* [EXERCISE AIM]: Copy only what lies from the line containing "我們要為一款化妝品做包裝設計" through the line containing "举办知名校友交流会,旨在以优" in the entries below, keeping both end lines exact and dropping every picture.

* [RECORDS SUPPLIED]:

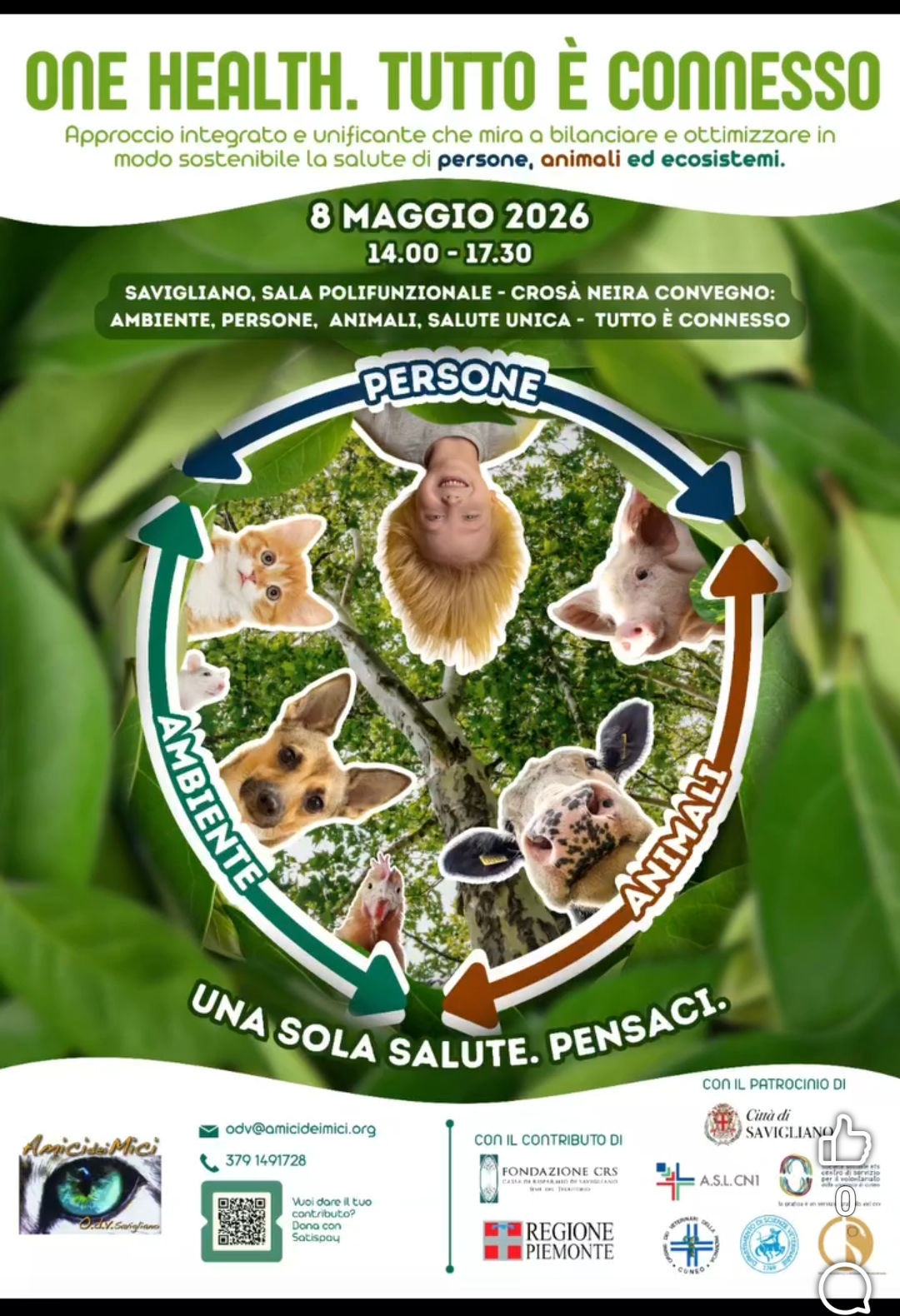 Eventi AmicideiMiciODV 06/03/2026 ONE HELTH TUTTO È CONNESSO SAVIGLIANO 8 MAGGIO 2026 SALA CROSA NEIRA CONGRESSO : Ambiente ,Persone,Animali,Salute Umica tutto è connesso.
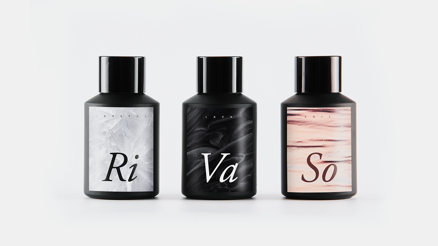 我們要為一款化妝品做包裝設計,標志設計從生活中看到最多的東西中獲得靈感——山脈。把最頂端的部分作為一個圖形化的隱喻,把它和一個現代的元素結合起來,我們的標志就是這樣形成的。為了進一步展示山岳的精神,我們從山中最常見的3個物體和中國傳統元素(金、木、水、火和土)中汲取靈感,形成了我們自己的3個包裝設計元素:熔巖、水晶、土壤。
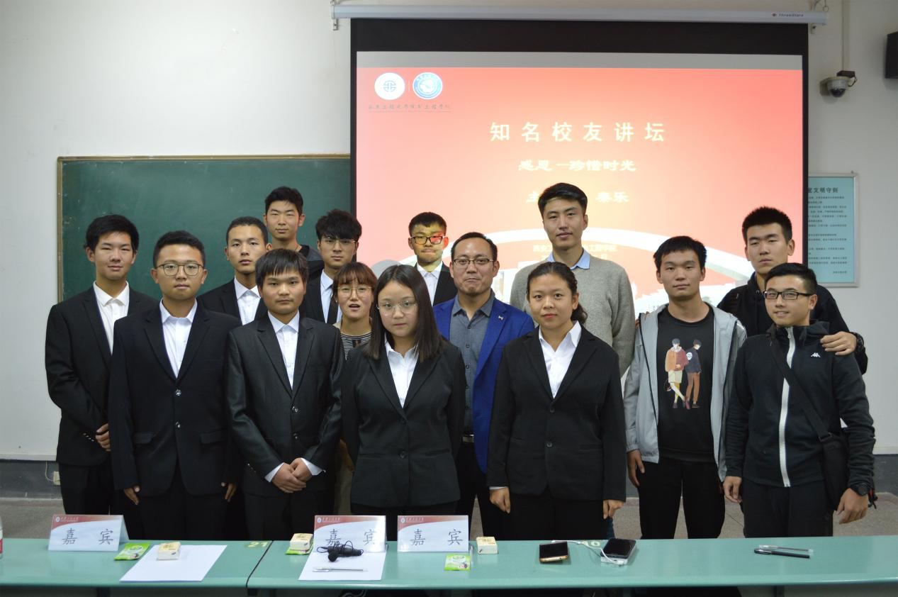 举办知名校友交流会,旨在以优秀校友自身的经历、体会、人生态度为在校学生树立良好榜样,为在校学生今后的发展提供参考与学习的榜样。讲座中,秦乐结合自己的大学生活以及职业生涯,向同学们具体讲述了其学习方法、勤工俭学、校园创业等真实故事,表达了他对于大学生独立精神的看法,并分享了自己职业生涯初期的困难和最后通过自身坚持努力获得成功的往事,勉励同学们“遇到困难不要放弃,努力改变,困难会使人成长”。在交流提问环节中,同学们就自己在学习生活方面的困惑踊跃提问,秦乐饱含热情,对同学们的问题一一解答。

==

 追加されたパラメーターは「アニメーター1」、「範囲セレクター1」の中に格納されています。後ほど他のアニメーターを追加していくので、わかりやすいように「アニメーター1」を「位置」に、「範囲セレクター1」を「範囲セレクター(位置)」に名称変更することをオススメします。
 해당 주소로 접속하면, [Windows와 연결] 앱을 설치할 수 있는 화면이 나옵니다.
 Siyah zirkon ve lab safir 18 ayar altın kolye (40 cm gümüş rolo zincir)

* [EXPECTED OUTPUT]:
 我們要為一款化妝品做包裝設計,標志設計從生活中看到最多的東西中獲得靈感——山脈。把最頂端的部分作為一個圖形化的隱喻,把它和一個現代的元素結合起來,我們的標志就是這樣形成的。為了進一步展示山岳的精神,我們從山中最常見的3個物體和中國傳統元素(金、木、水、火和土)中汲取靈感,形成了我們自己的3個包裝設計元素:熔巖、水晶、土壤。
 举办知名校友交流会,旨在以优秀校友自身的经历、体会、人生态度为在校学生树立良好榜样,为在校学生今后的发展提供参考与学习的榜样。讲座中,秦乐结合自己的大学生活以及职业生涯,向同学们具体讲述了其学习方法、勤工俭学、校园创业等真实故事,表达了他对于大学生独立精神的看法,并分享了自己职业生涯初期的困难和最后通过自身坚持努力获得成功的往事,勉励同学们“遇到困难不要放弃,努力改变,困难会使人成长”。在交流提问环节中,同学们就自己在学习生活方面的困惑踊跃提问,秦乐饱含热情,对同学们的问题一一解答。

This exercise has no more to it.